I dropped a board and it took a chunk out of a piece of water table cap that is Azek. What is the best approach to repair this stuff? I use epoxy and bondo on wood, but not sure about the Azek. thanks, Nick.


----------



## Tom Struble (Mar 2, 2007)

you can use those fillers on azek too


----------



## Morning Wood (Jan 12, 2008)

Thanks Tom. The epoxy will stick to it? Usually west system doesn't stick to plastic. Although Azek is some other kind of plastic.


----------



## Tom Struble (Mar 2, 2007)

bond and fill has epoxy filler for pvc but you can use the stuff you use for wood too,or you can use a multimaster and carve out the bad peice and glue in a new section


----------



## TBFGhost (Oct 9, 2008)

cut it out and replace IMO


----------



## Morning Wood (Jan 12, 2008)

Too much work to cut out and replace. Aluminum flashing vycor mitered corner etc. Filling it will be the approach I take. Should be fine its in the back of the house. Plus it's my house, so I'll have to live with it.


----------



## Cole82 (Nov 22, 2008)

Did it crush/dent or did it take a chunk out?

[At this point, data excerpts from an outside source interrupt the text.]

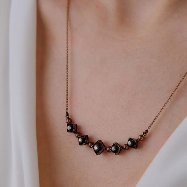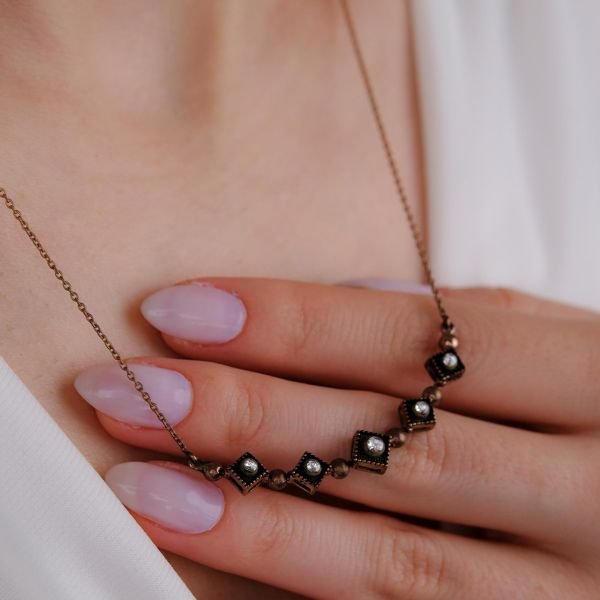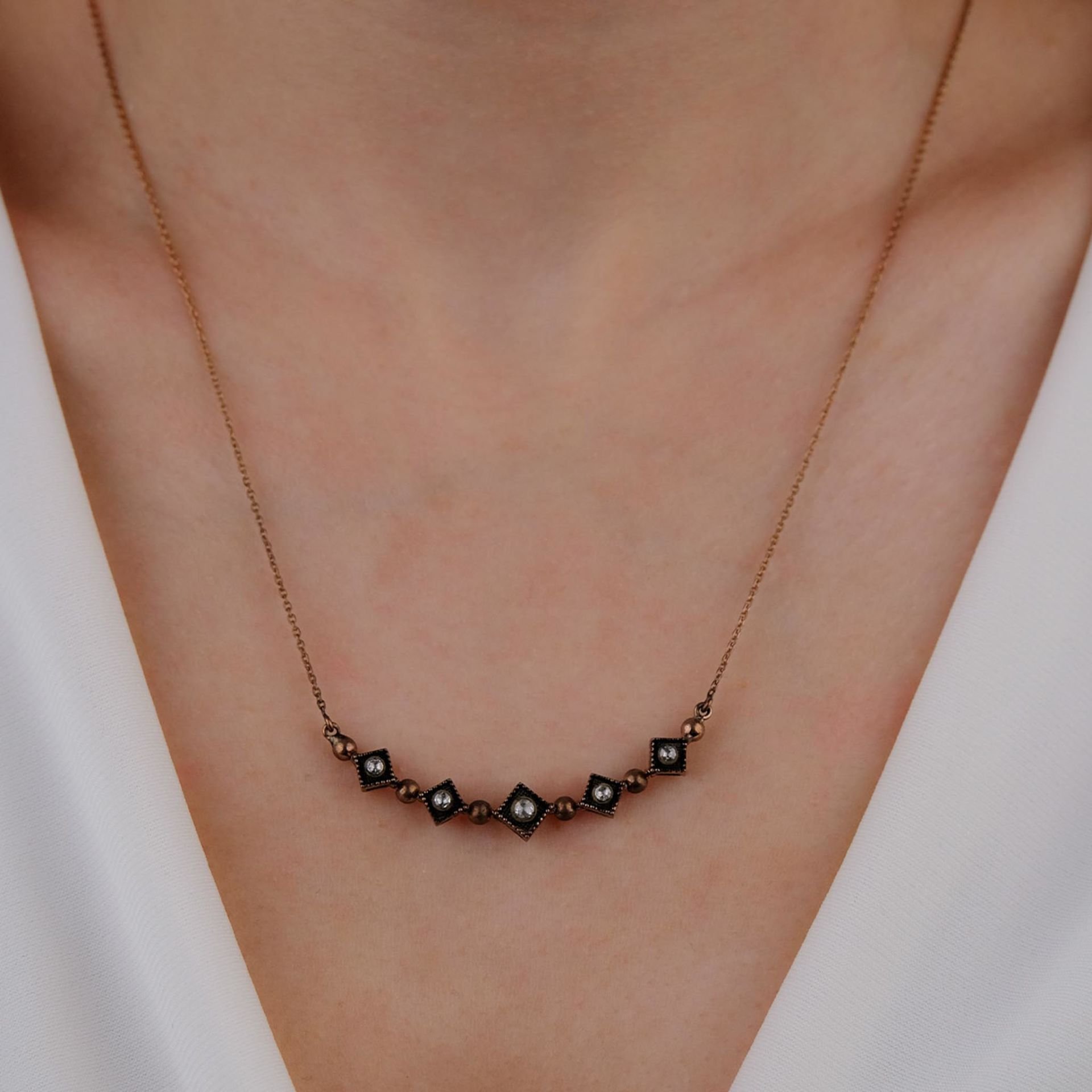 Dörtgen tasarımın modern çizgileri, kolyeyi taşıyan kişinin boynunda sofistike bir ifade yaratıyor. Her bir elmasın titizlikle yerleştirildiği metal çerçeve, kolyeye derinlik ve parlaklık katarken, zarafetini vurguluyor. Yüksek kaliteli malzemelerin kullanılması, kolyenin uzun ömürlü ve dayanıklı olmasını sağlarken, elmasların benzersiz ışıltısı da her anınıza değer katıyor.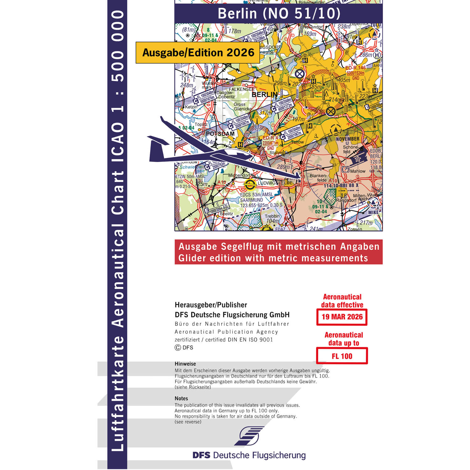 ICAO Segelflugkarte Deutschland, Berlin, 2026, gefaltet, ohne Folie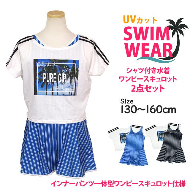 水着 女の子 子供 キッズ ジュニア ワンピース水着 キュロット Tシャツ付き 2点セット 130cm 140cm 150cm 160cm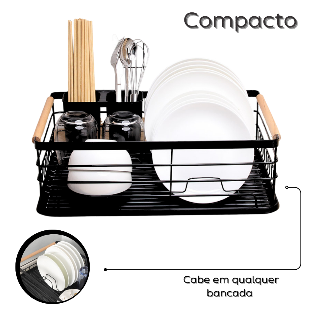 O anúncio contém: 01 Escorredor de Louças. Escorredor de Louças Moderno com Bandeja Coletora e Porta-Talheres Organize sua cozinha com praticidade e muito estilo. Esse escorredor de louças combina design moderno, resistência e funcionalidade, trazendo elegância para sua bancada sem abrir mão da utilidade no dia a dia. Benefícios Porta-talheres removível, ideal para colheres, garfos, facas e utensílios de cozinha. Bandeja coletora que evita respingos e mantém a pia sempre limpa. Capacidade para pratos, copos, tigelas e talheres de forma organizada. Pegadores laterais em madeira, que dão charme e facilitam o manuseio. Design minimalista, perfeito para cozinhas modernas. Ficha Técnica Material: Aço com acabamento preto e detalhes em madeira. Bandeja: Plástica, removível e fácil de limpar. Porta-talheres: Incluso, removível. Capacidade: até 10 pratos, 6 copos e diversos talheres. Dimensões aproximadas (AxLxC): 14,5 cm x 30,5 cm x 44 cm. Cor: Preto fosco com detalhes em madeira Fabricante: Brinqlar. Indicado para: Cozinhas modernas e organizadas. Quem busca praticidade sem abrir mão do design. Presentear em casamentos, chá de cozinha e inauguração de casa nova. - Produto novo e em estoque. - Todos os produtos têm seguro contra extravio. - As cores do produto podem variar de acordo com o lote de fabricação. - Todas as informações são de responsabilidade do fabricante e/ou fornecedor.
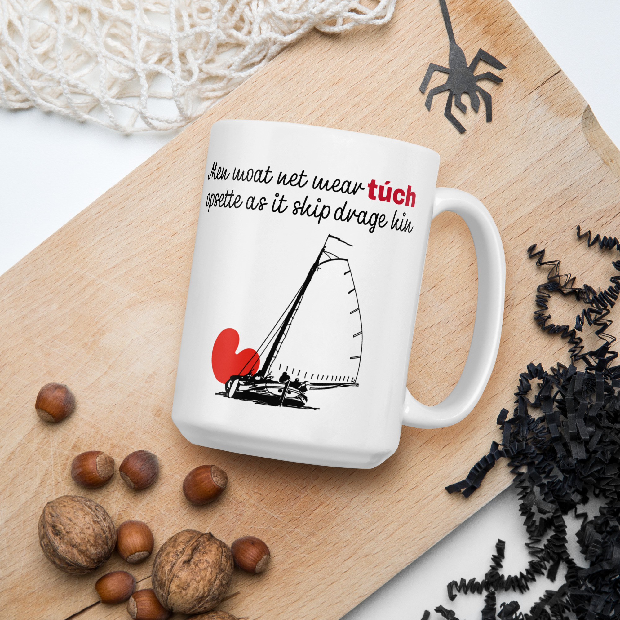 Voor elke zeiler die de wijsheid van het water kent: deze prachtige mok met het Friese gezegde "Men moat net mear túch opsette as it skip drage kin" (Je moet niet meer tuig opzetten dan het schip kan dragen). Een tijdloze waarheid die elke schipper begrijpt - soms is minder meer, en veiligheid gaat altijd voor snelheid. De mok van Skûtsje Ebenhaezer is gemaakt van hoogwaardige keramiek met een duurzame print die ook na vele wasbeurten zijn kwaliteit behoudt. Met een inhoud van 15 oz (circa 440 ml) is er volop ruimte voor je favoriete warme drank. Perfect voor jezelf of als cadeau voor de zeiler in je leven die weet dat echte wijsheid op het water begint met respect voor de elementen en je materiaal.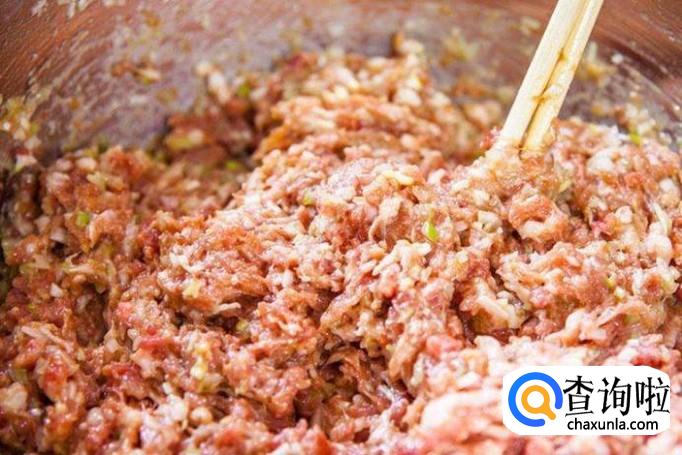将以上材料剁碎,如果可以的话,使用绞肉机是最方便的,然后准备一碗高汤。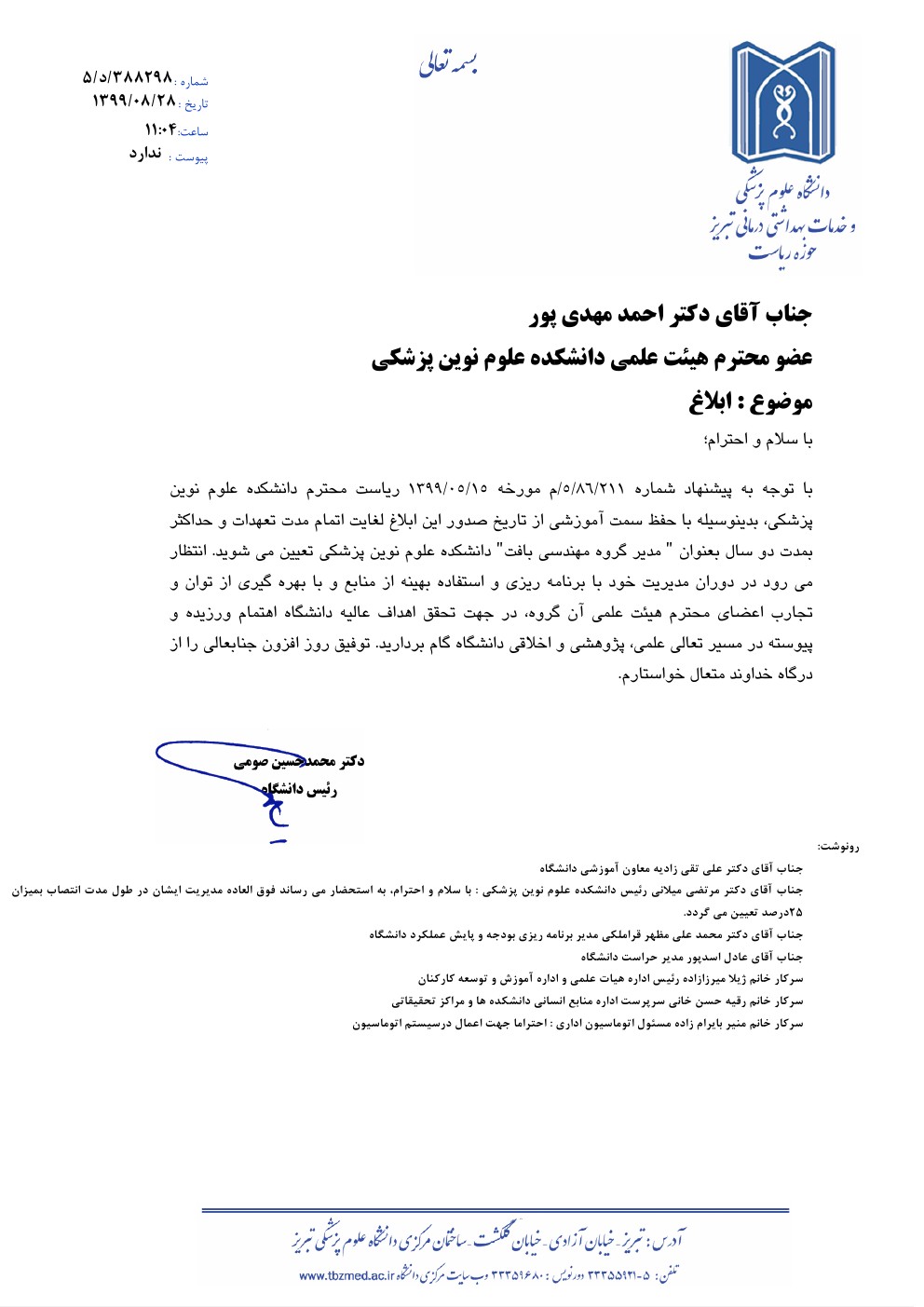 انتصاب جنابعالی را به سمت مدیر گروه مهندسی بافت خدمت شما تبریک عرض نموده و از خداوند منان توفیقات روز افزون شما را خواستاریم.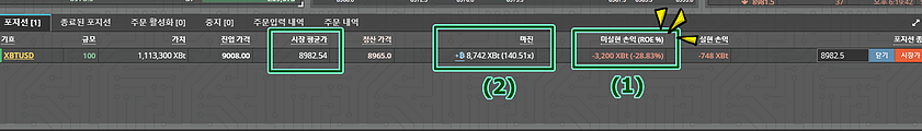 (2)박스 : 마진 수량이 자동 청산 되어 13,142XBT 에서 -> 8,742XBT 로 변경 되었으며 레버리지는 증거금 현재 잔액 대비 140.51x 로 올라감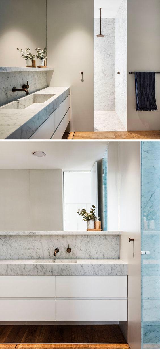 PRINCIPAL BATHROOM OPTION 2: Stone double vanity with a timber shelf below Large walk in shower is a monolithic installation of stone or stone effect ceramic tile This option has more contemporary wall mounted fixtures, and a single long mirror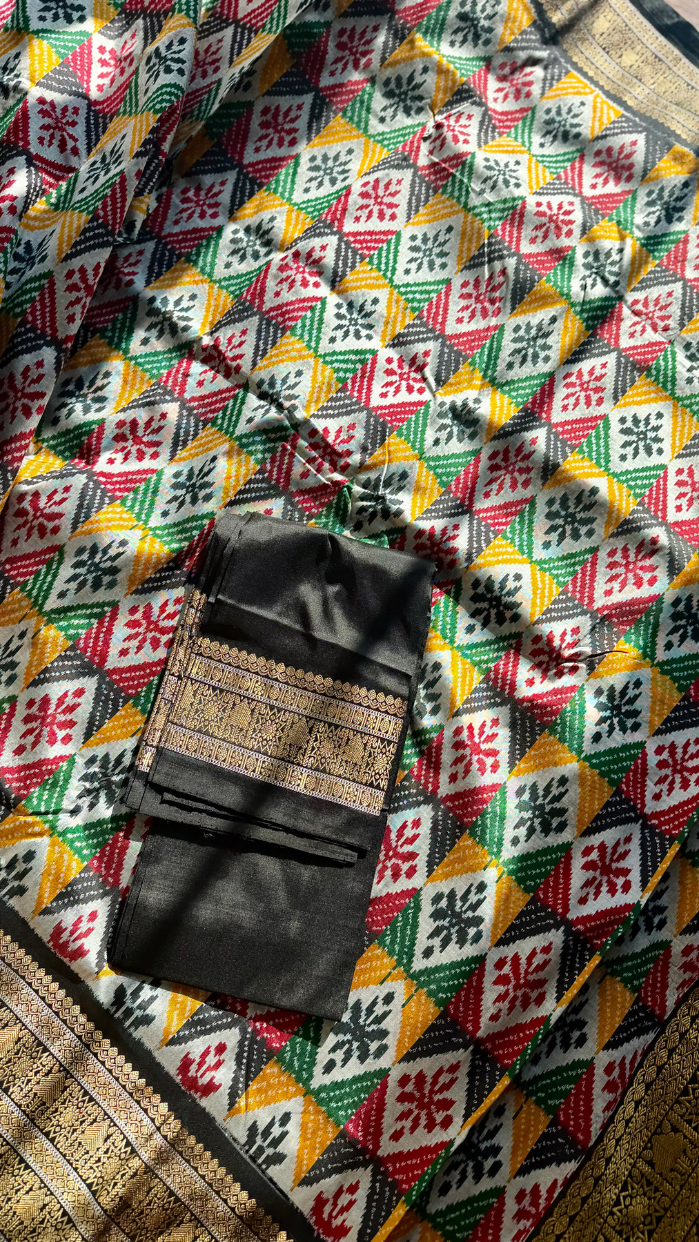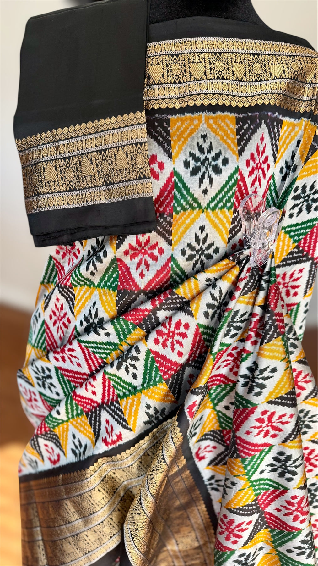 Indulge in the fusion of traditional and modern design with our Ikkat multi color fusion Silk Saree with kanchipuram border and pallu. Handloomed with pure silk, its intricate Zari woven body, border and pallu add an elegant touch. Experience luxurious comfort and elevate your style with this unique saree. Perfect for any occasion.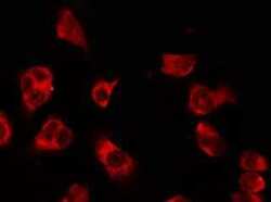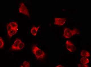 - Immunofluorescent analysis of OR5H1 in HeLa cells. Samples were fixed with paraformaldehyde, permeabilized with 0.1% Triton X-100, blocked with 10% serum (45 min at 25°C) incubated with OR5H1 polyclonal antibody (Product # PA5-103234) using a dilution of 1:200 (1 hr, 37°C), and followed by goat anti-rabbit IgG Alexa Fluor 594 at a dilution of 1:600.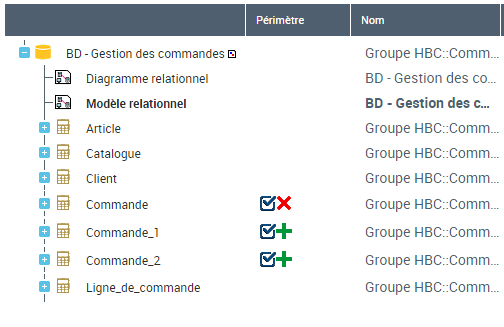 A la fin de la dénormalisation, vous pouvez voir que les deux nouvelles tables sont désormais en correspondance avec l'entité "Commande".

If it's a chunk then you can just take pvc glue and glue it back in.

Cole


----------



## Tom Struble (Mar 2, 2007)

thats another reason why it's best to paint pvc,makes it much easier to repair


----------



## TBFGhost (Oct 9, 2008)

If it is dented, use a heat gun, you can take out dents and dings. Azek has a memory.


----------



## Morning Wood (Jan 12, 2008)

Its worst case scenario. Dented and took a chunk out, and sort of deformed the area around the chunk. I'm going to try bondo and see what happens. Already had one coat of paint on it. I was going to repair it today and my dad said: why don't you wait till we finish siding...:laughing: That isn't a good sign.


----------



## Easy Gibson (Dec 3, 2010)

If it's what I'm picturing, I'd definitely say cut it out with a multimaster and patch in like Tom said.
The Azek brand PVC glue is pretty good and will get a good solid hold. I've patched in pieces with it.


----------